US mission creep in Ukraine follows in the fatal footsteps of ultimately failed war campaigns in Afghanistan and Iraq.

Since the failures of the US military missions in places like Afghanistan and Iraq – and many other Muslim nations like Libya – critics of the US mission in the “global war on terrorism” have lamented the lack of a coherent strategy.

As the tired line from Carl von Clausewitz goes, “war is an extension of politics through other means.” Warfare, therefore, is an inherently political act. More precisely, it is the use of violence by a state or non-state actor to affect a political outcome.

Thus whenever military force is used it must have clear ends set forth by the political leadership ordering the use of that military force. Those clearly defined political ends must be supplemented by reliable ways to achieve that realistic political objective. The means are the resources that must be brought to bear in order to accomplish the political end.

What’s more, those political objectives must be fixed into place by the political and military leadership. They cannot change mid-mission (this has nothing to do with being flexible at the tactical level).

One of the greatest failures of the last 30 years of US foreign policy interventions across the Middle East was what former secretary of defence Robert Gates called “mission creep.” This is akin to shifting goalposts in the middle of the game, making the game unwinnable.

As America’s failed operations in Afghanistan, Iraq, Libya and Syria and so many others since 1945 have shown, mission creep can be catastrophic to both the prestige of the US military as well as its readiness to conduct its larger mission of deterring actual great state rivals to the United States, namely China, Russia, Iran and North Korea.

Afghanistan: the long loss

Once the base of operations for al-Qaeda and their Taliban allies, after the September 11, 2001 attacks on the US, Afghanistan became the primary target of America’s justified wrath.

With a handful of Special Forces operators, Central Intelligence Agency (CIA) paramilitary officers, loads of local tribal allies and judicious American airpower, the US military effectively deposed the Taliban and broke al-Qaeda’s stronghold on the country in about two months from October to December 2001.

Had it not been for shabby planning that December, it is likely the conflict would have wrapped up with the capture or death of Osama bin Laden as he fled American forces in the foothills of Tora Bora.

Even without having captured bin Laden, though, by the spring of 2002, the US forces in Afghanistan had accomplished what the American people had wanted them to: They had disrupted the terror networks in the country and brought to justice the groups responsible for 9/11.

Despite this fact, the Americans hung around for another 20 years, bleeding its troops, weapons stocks and treasury dry in the rocks of Afghanistan.

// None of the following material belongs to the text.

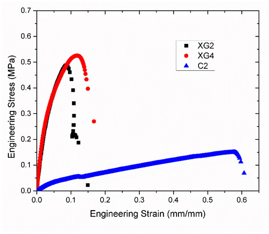 Representative stress–strain curves of protein-polysaccharide fibers measured in a tensile test for formulations XG2, XG4, and C2.

For what purpose? Initially, it was to avenge ourselves upon the culprits behind 9/11. Once that was mostly achieved, why did the US expand its footprint and commitment to the “Graveyard of Empires?” The lack of a coherent, concrete strategy was one reason.

Iraq: an idiot’s delight

In Iraq, the justification for war was clear: The George W Bush administration was convinced that Saddam Hussein had developed a massive, covert WMD (weapons of mass destruction, notably nuclear) program and had partnered with al-Qaeda.